For the past few months, Oxford University scientists have been testing a full head of hair found in a lead coffin in Romsey Abbey (Hampshire) in 1839. The hair, shaped as if it is still sitting on a head, having a plait which is several inches long and with small pieces of scalp, has been kept in a display case in the church since then.
Over the years there have been speculations about who the hair might have belonged to. As there originally was an outer wooden coffin and an inner wooden coffin inside the lead one, archaeologists believed it was a person of some significant status, or a saint, like St. Ethelflaeda, the first abbess and the abbey’s patron saint.
Jamie Cameron, an archaeological scientist, had been fascinated with the hair as a seven-year-old, during a school trip to the abbey. Now, he was able to come back and test it. He cut off a small sample of the hair, which was then tested by a team of archaeologists at Oxford University’s “Relics Cluster”. The tests showed pine resin in the hair. The pine resin may have come from overseas, Cameron suggests.
Radio carbon dating showed that the person lived in the mid to late Saxon era. Based on the results of the tests, the person probably died between 965 and 1045. Archaeologists also managed to find out what this person might have eaten, as the tests showed signals indicative of marine protein.

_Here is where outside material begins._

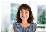
Editta Di Pietrantonio Sekretariat
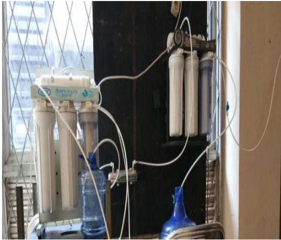
Proses Pengolahan Air Minum Kemasan dengan Reverse Osmosis

“The fact that this person had a marine diet could be very specific to perhaps members of the monastic community”, says Frank Green, the abbey’s archaeological adviser. “And the context of the burial in what would have been the south transept of the previous building right against the abbesses’ doorway, strongly suggests it’s someone linked to the monastic community.”
Though archaeologists still aren’t able to say for sure whether the hair belonged to St Ethelflaeda, there is a story to tell the children on the school trips to Romsey Abbey.